### YOUR TASK
What you return must be the data below, word for word, without any images.

### SUPPLIED DATA
******************************
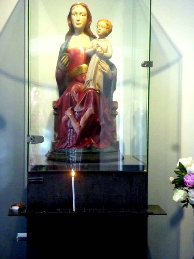 Reflectie vrouw in Maria-beeld
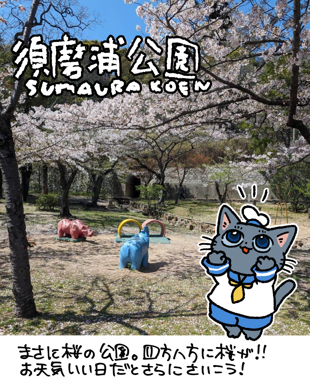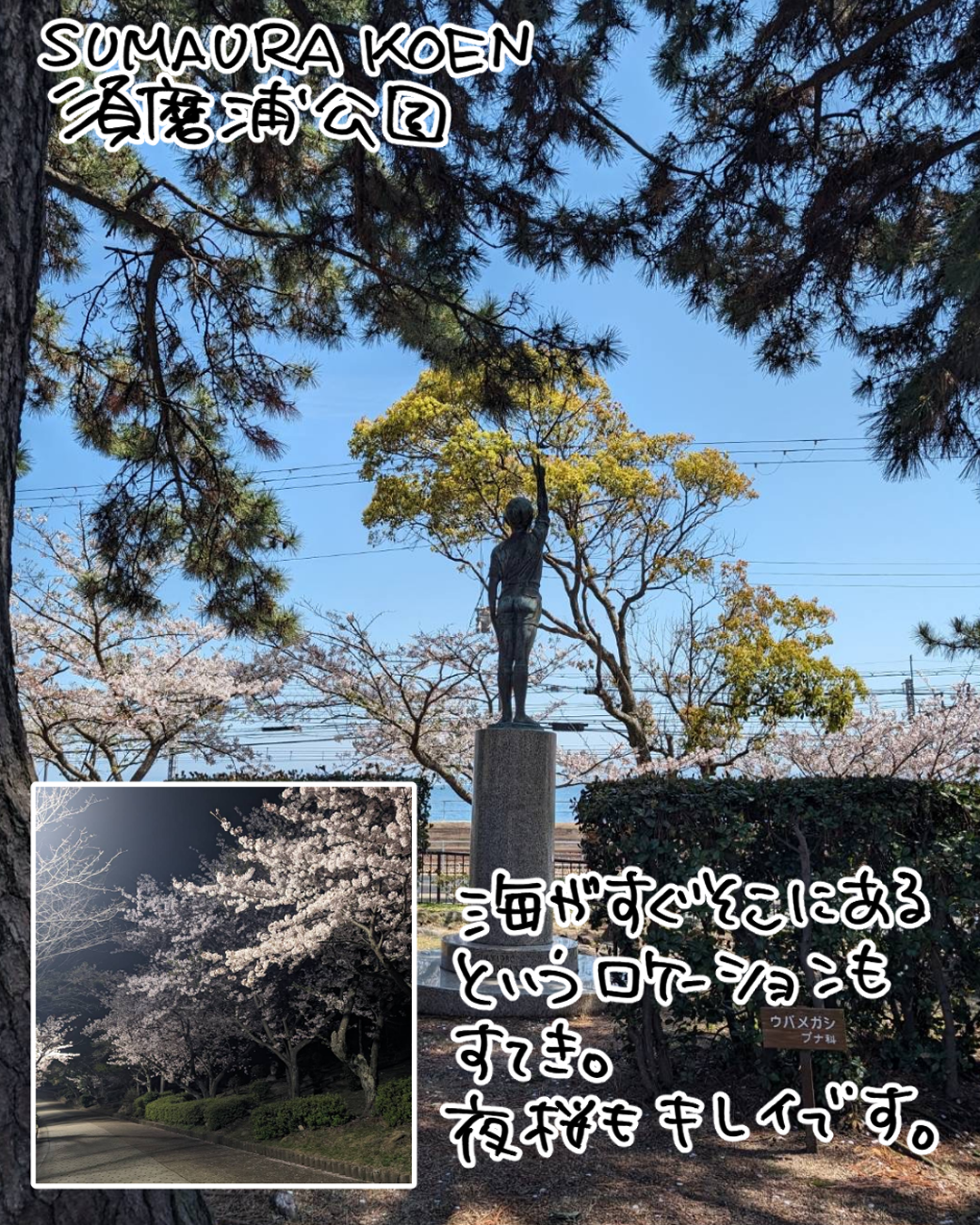 敷地も広く山陽須磨浦公園駅から東のほうまでなが~い公園があってそこには桜の木がたくさん!
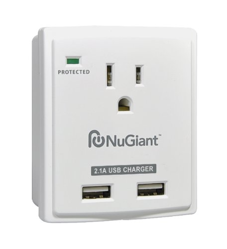 Inland NSS14 Wall Tap Style 1 Outlet Surge Protected 2-USB Charger Ports with 2.1A for iPad
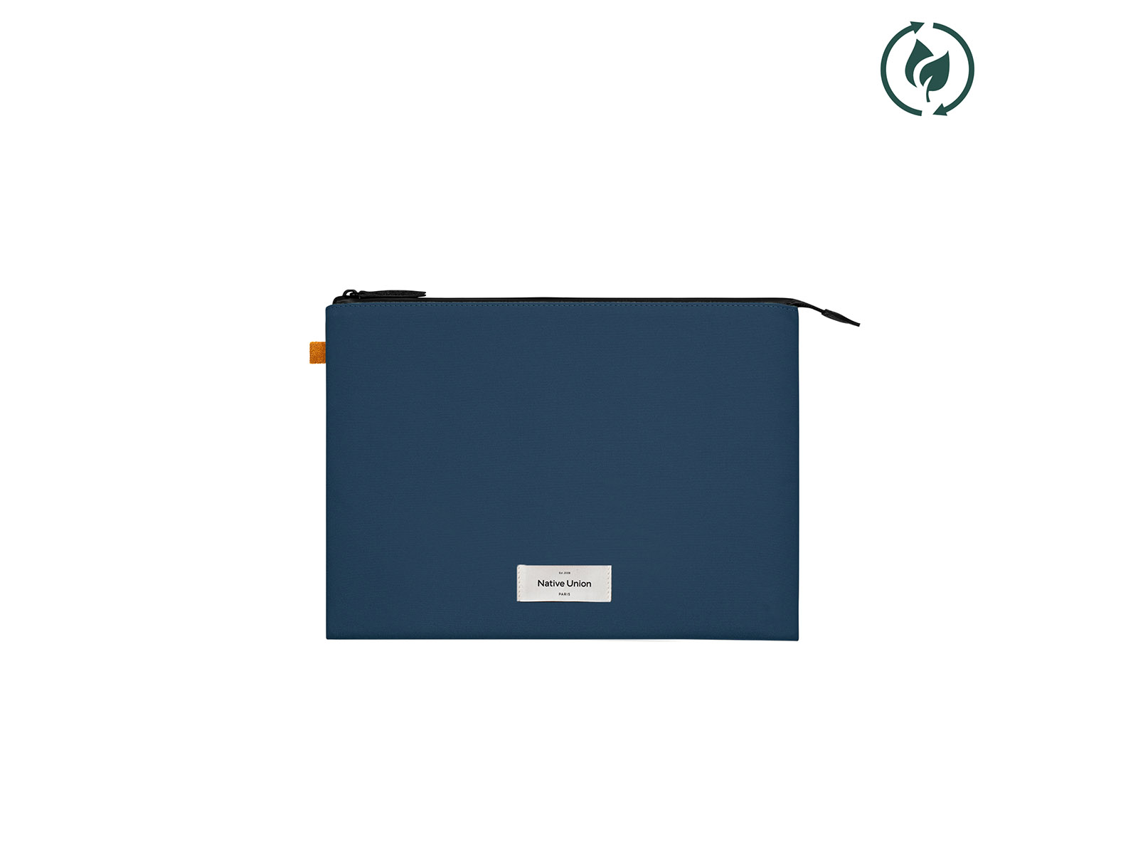En stilfuld og funktionel sleeve til MacBook 14" i farven Navy – ideel til arbejde på farten med bæredygtige materialer og smart opbevaring
******************************
### ANSWER TO THE EXERCISE
 Reflectie vrouw in Maria-beeld
 敷地も広く山陽須磨浦公園駅から東のほうまでなが~い公園があってそこには桜の木がたくさん!
 Inland NSS14 Wall Tap Style 1 Outlet Surge Protected 2-USB Charger Ports with 2.1A for iPad
En stilfuld og funktionel sleeve til MacBook 14" i farven Navy – ideel til arbejde på farten med bæredygtige materialer og smart opbevaring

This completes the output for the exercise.